Sin embargo, un año después de su aprobación y tres meses luego de este anuncio, la norma todavía no se implementa. Para Yedlin, esta demora “no es normal”, pero sigue el mecanismo de otras leyes aprobadas que aún no se reglamentan, como la Ley de Ludopatía. “Habría que ver por qué”, se preguntó.

Consultado por las causas de esta paralización, el legislador deslizó que podría deberse a su distanciamiento con el jaldismo y a la disputa que la Casa de Gobierno mantiene con el sector más afín al exgobernador Juan Manzur. “Ideológicamente, estoy seguro que no están en desacuerdo con que haya una mejora en la salud mental. Lo que yo creo es que hay un tema político.

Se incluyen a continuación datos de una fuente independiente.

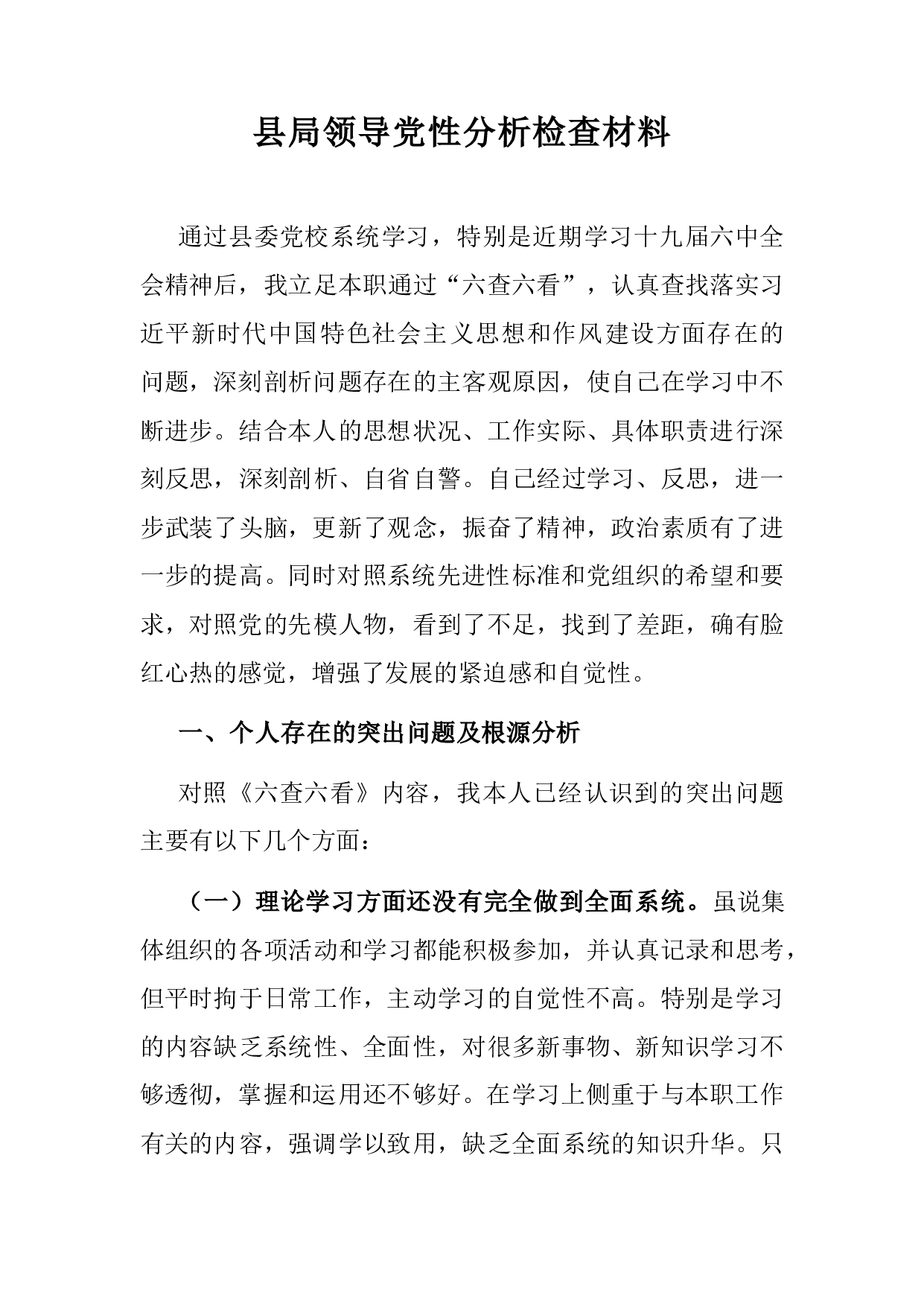 标题:县局领导党性分析检查材料
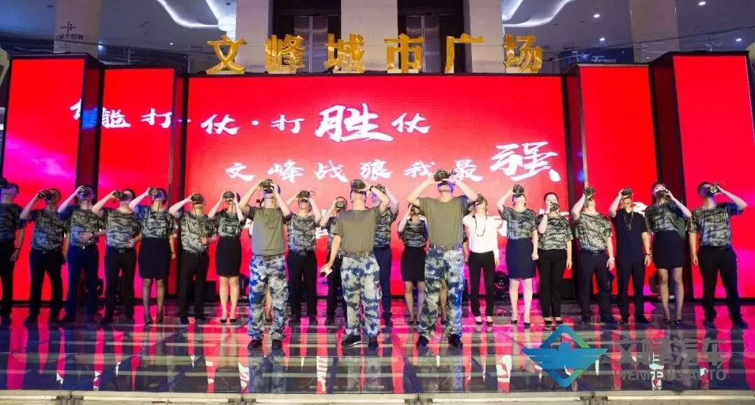最后,文峰汽車總裁、各門店負(fù)責(zé)人再次上臺,帶領(lǐng)銷售精英共同飲下出征酒,激昂地喊出“能打仗,打勝仗。文峰戰(zhàn)狼我最強(qiáng)”的口號,瞬間點(diǎn)燃了各位精英的戰(zhàn)斗激情,現(xiàn)場再次沸騰。
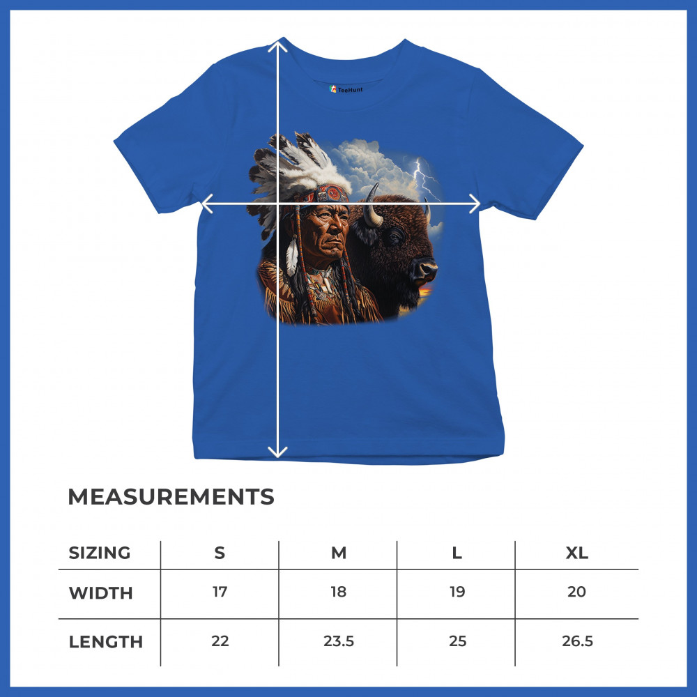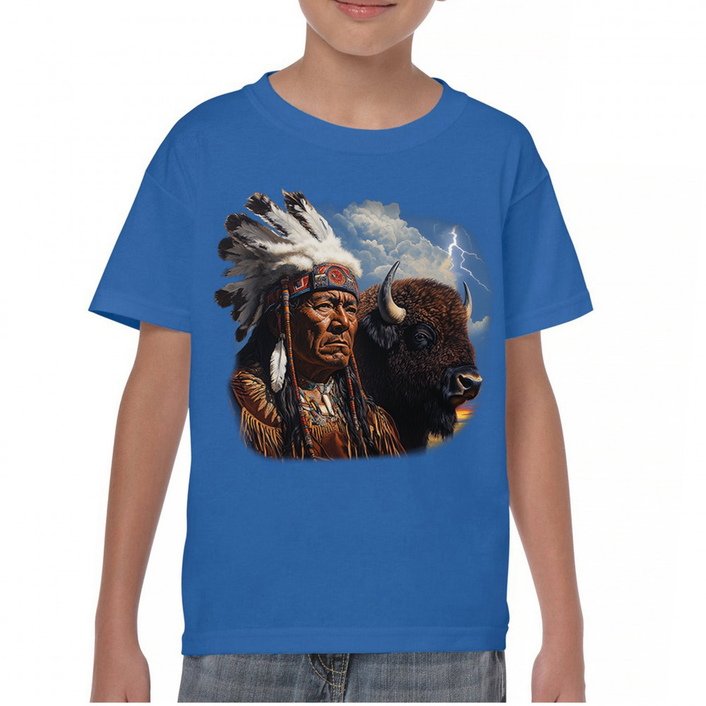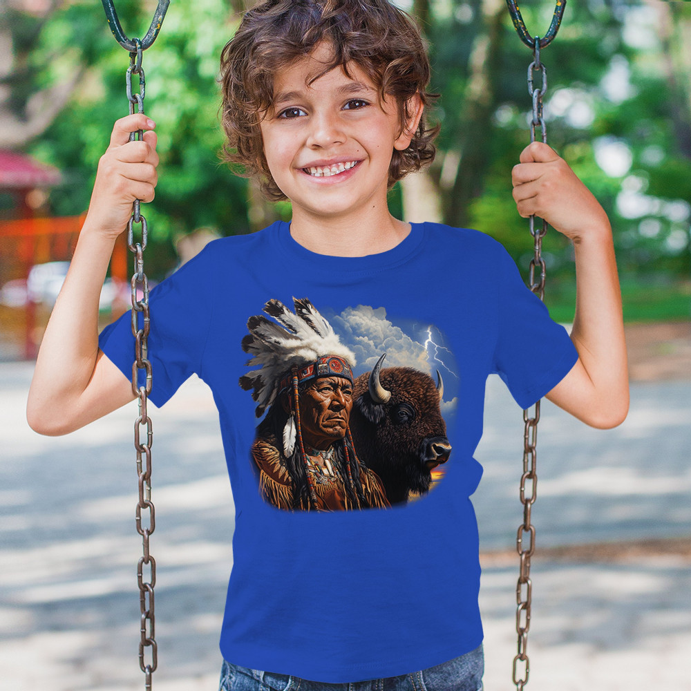 This powerful design features a Native American elder in traditional dress and feathered headdress beside a noble bison. Framed by a stormy sky and lightning, the art symbolizes tribal pride, spiritual harmony, ancestral strength, and a deep connection to nature’s raw energy.

No quieren generar algo que beneficie a algún grupo. Pero la ley no es mía, la trabajamos todos”, cerró Yedlin.
El reclamo de los profesionales
El pedido de reglamentación no se limita únicamente al ámbito legislativo. Más allá de las disputas políticas que podrían atravesar la norma, el Colegio de Psicólogos de Tucumán (CPT) reclamó su plena implementación.
“Hemos acompañado cada una de las instancias a las que hemos sido convocados. También hemos celebrado la sanción de esta ley porque retoma el espíritu de la ley nacional y profundiza en otras cuestiones bastante significativas”, explicó Sol Forgas, presidenta del CPT.
En diálogo con este medio, Forgas valoró el abordaje comunitario que establece la Ley Nacional de Salud Mental, a la que la norma provincial adhiere. “La internación tiene que pensarse como último recurso. Se tiene que pensar en una perspectiva y en un abordaje desde el primer nivel de atención”, agregó.
Por eso, los profesionales también reclaman una reglamentación “seria y coherente”, que delinee los presupuestos necesarios para abordar la crisis de salud mental que atraviesa la sociedad. “Una ley sin reglamentación es una ley que corre el riesgo de quedar en su tinta”, concluyó la presidenta.